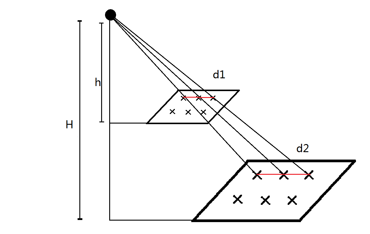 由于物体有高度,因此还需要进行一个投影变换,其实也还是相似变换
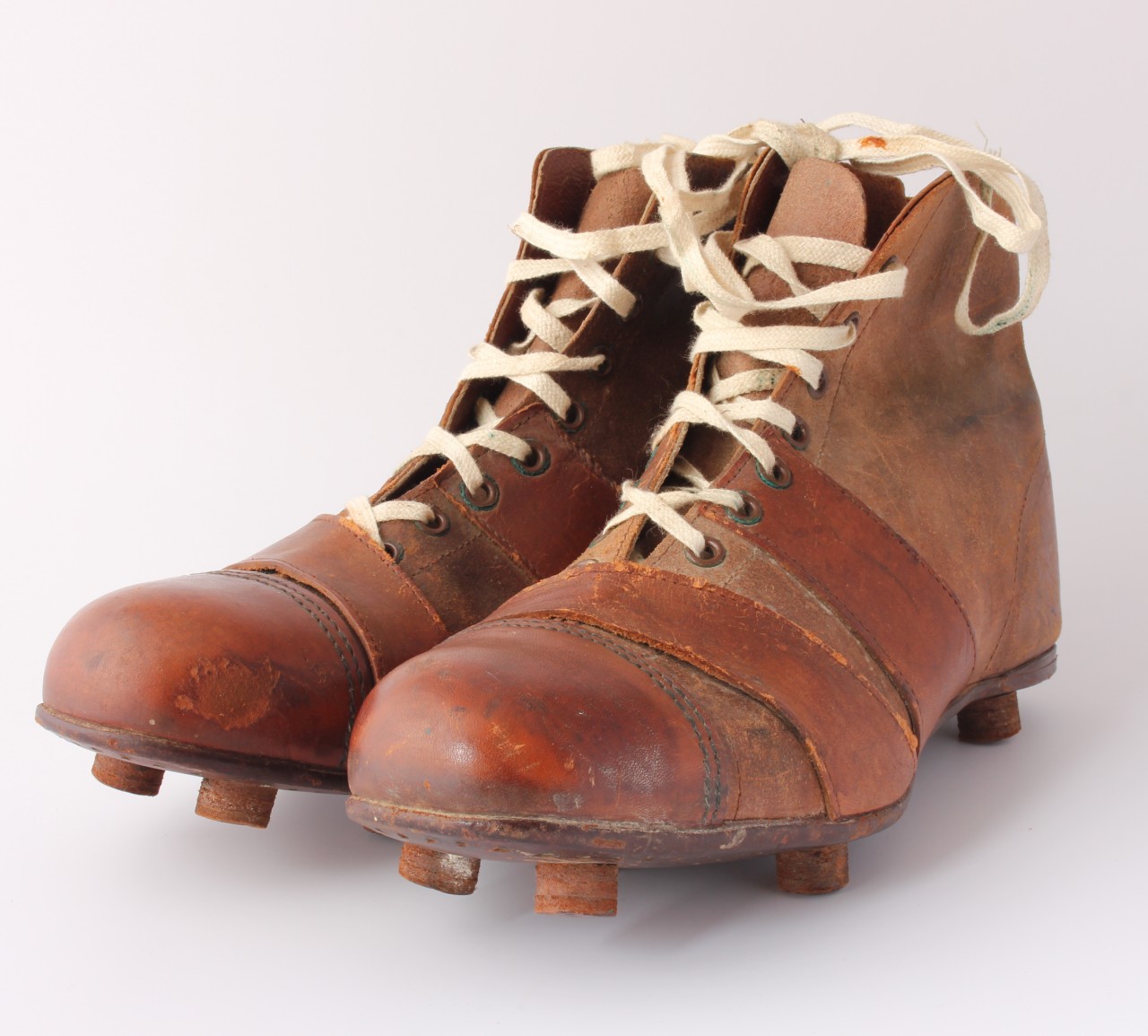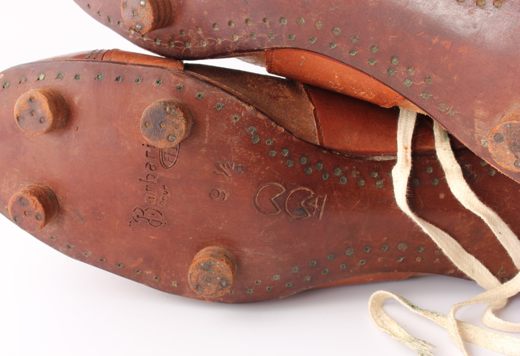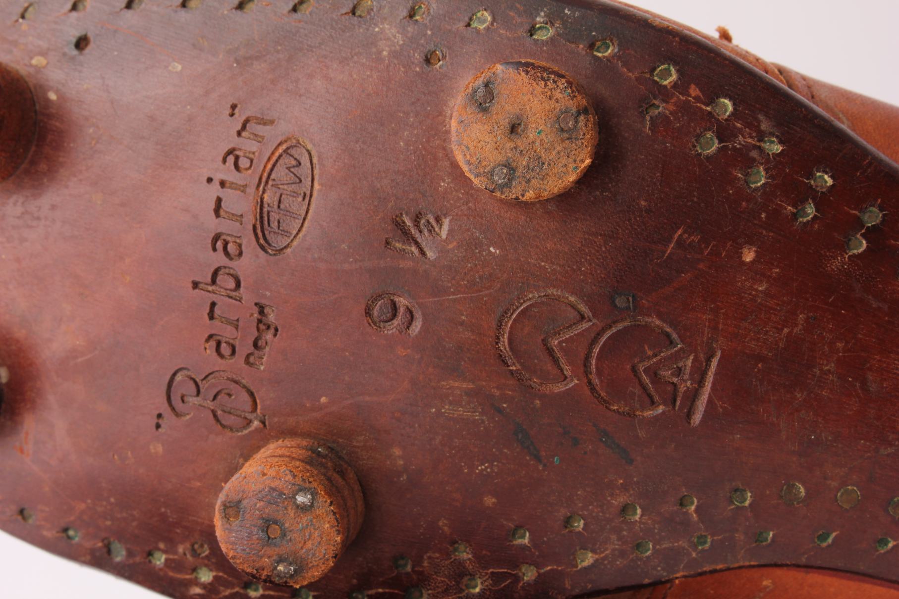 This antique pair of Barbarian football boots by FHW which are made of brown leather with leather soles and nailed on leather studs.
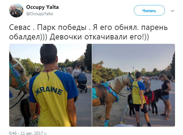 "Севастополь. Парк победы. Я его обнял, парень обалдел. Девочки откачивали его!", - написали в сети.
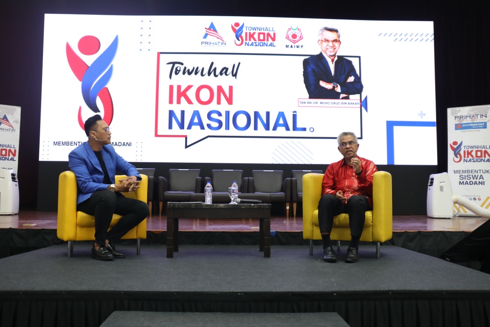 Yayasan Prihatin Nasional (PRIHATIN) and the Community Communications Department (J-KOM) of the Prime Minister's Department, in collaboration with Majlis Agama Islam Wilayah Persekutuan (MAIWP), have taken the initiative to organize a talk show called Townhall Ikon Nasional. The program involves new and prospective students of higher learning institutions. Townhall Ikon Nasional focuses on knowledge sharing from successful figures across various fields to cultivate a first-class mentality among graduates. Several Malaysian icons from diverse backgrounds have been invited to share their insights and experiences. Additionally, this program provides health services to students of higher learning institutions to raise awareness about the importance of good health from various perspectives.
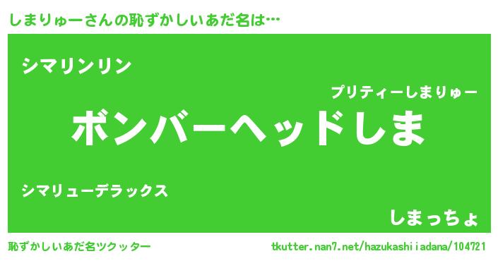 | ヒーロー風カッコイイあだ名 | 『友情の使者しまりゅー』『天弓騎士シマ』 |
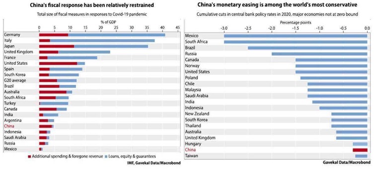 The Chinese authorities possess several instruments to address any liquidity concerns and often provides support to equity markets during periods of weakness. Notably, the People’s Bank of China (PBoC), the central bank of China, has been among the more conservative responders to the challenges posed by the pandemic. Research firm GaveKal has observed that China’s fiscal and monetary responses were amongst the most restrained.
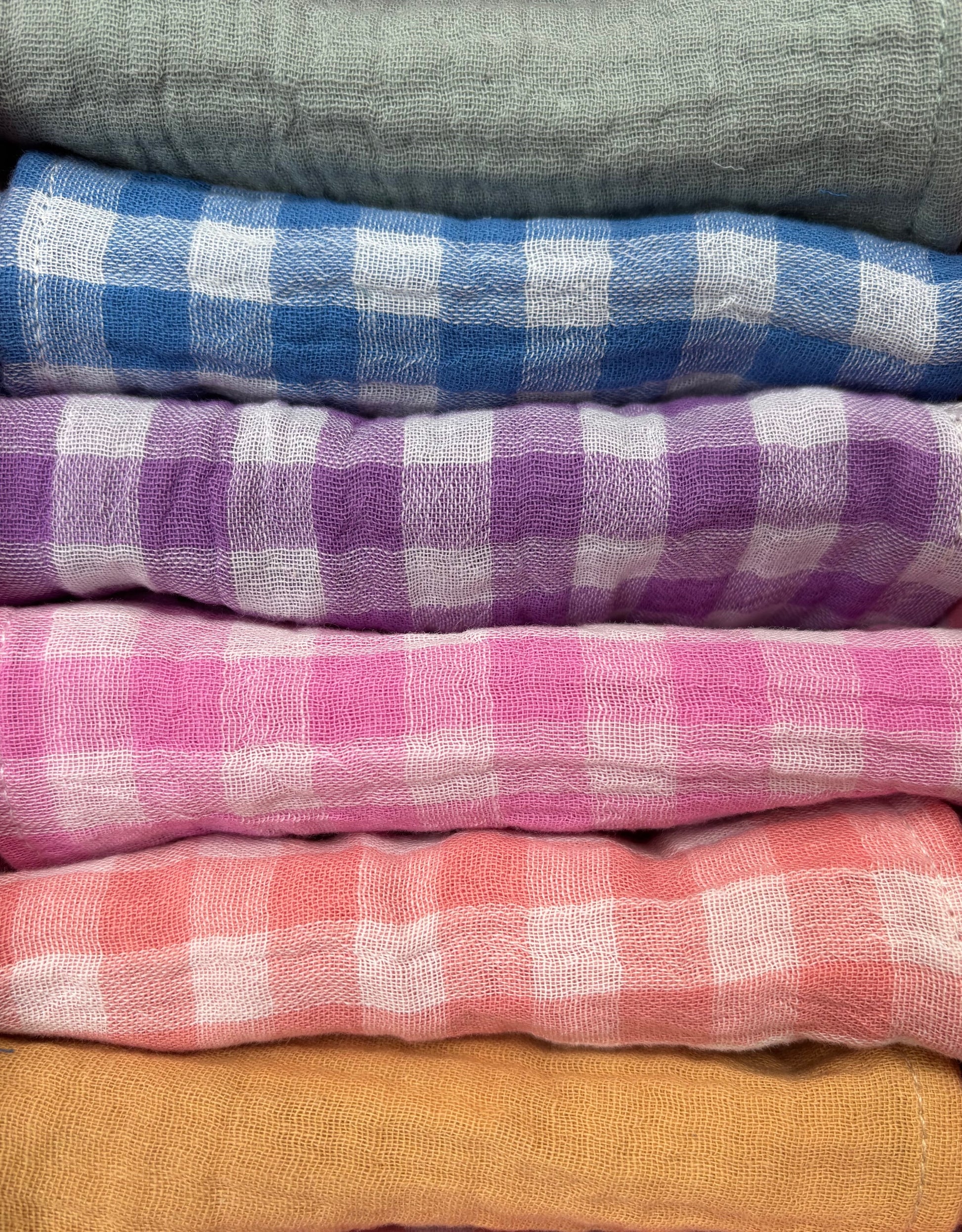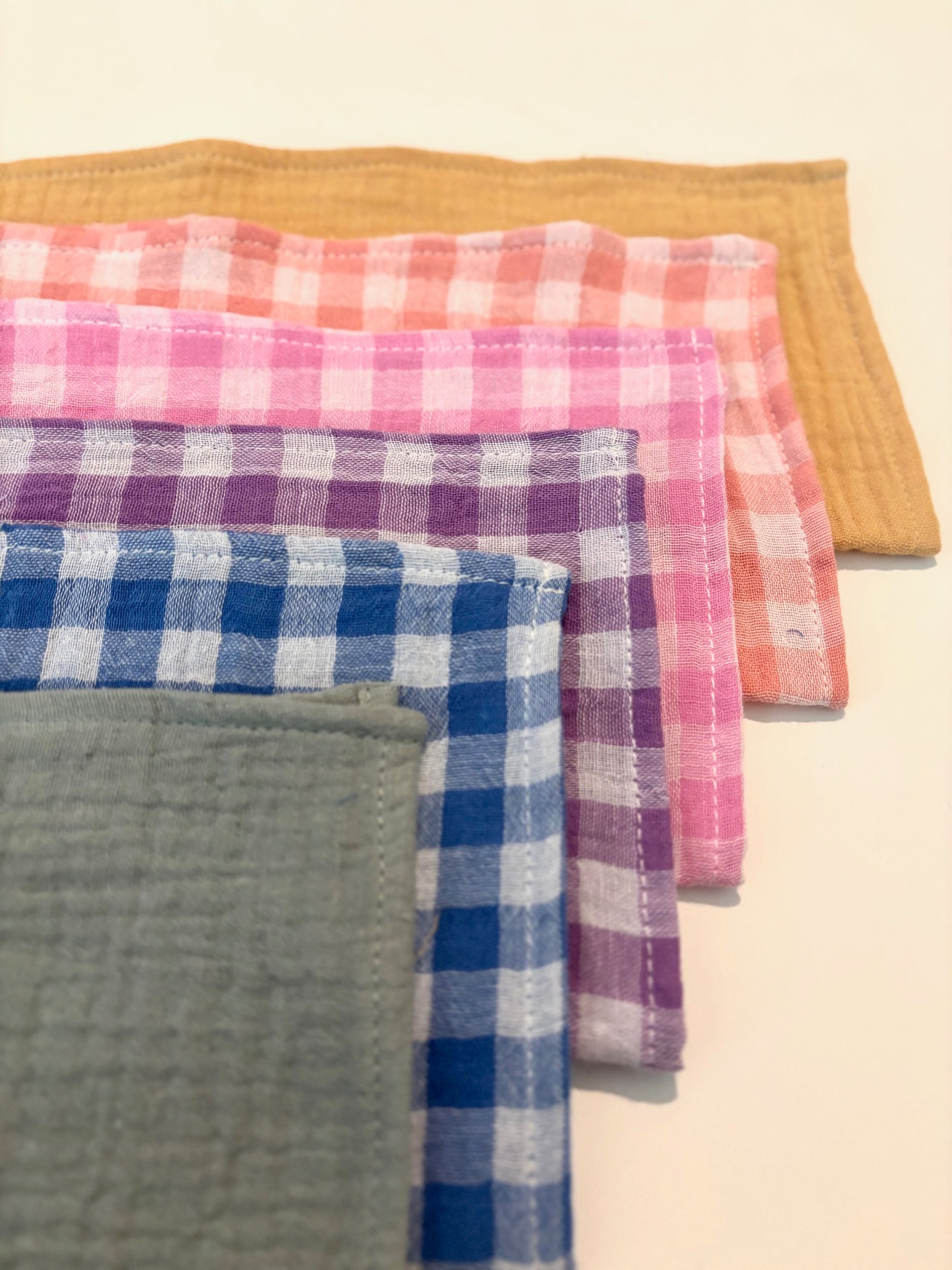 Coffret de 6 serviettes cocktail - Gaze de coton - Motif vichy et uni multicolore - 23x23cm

### Required work:
An exact retyping of the material, minus the pictures, is the required answer.

### Response area:
 由于物体有高度,因此还需要进行一个投影变换,其实也还是相似变换
 This antique pair of Barbarian football boots by FHW which are made of brown leather with leather soles and nailed on leather studs.
 "Севастополь. Парк победы. Я его обнял, парень обалдел. Девочки откачивали его!", - написали в сети.
 Yayasan Prihatin Nasional (PRIHATIN) and the Community Communications Department (J-KOM) of the Prime Minister's Department, in collaboration with Majlis Agama Islam Wilayah Persekutuan (MAIWP), have taken the initiative to organize a talk show called Townhall Ikon Nasional. The program involves new and prospective students of higher learning institutions. Townhall Ikon Nasional focuses on knowledge sharing from successful figures across various fields to cultivate a first-class mentality among graduates. Several Malaysian icons from diverse backgrounds have been invited to share their insights and experiences. Additionally, this program provides health services to students of higher learning institutions to raise awareness about the importance of good health from various perspectives.
 | ヒーロー風カッコイイあだ名 | 『友情の使者しまりゅー』『天弓騎士シマ』 |
 The Chinese authorities possess several instruments to address any liquidity concerns and often provides support to equity markets during periods of weakness. Notably, the People’s Bank of China (PBoC), the central bank of China, has been among the more conservative responders to the challenges posed by the pandemic. Research firm GaveKal has observed that China’s fiscal and monetary responses were amongst the most restrained.
 Coffret de 6 serviettes cocktail - Gaze de coton - Motif vichy et uni multicolore - 23x23cm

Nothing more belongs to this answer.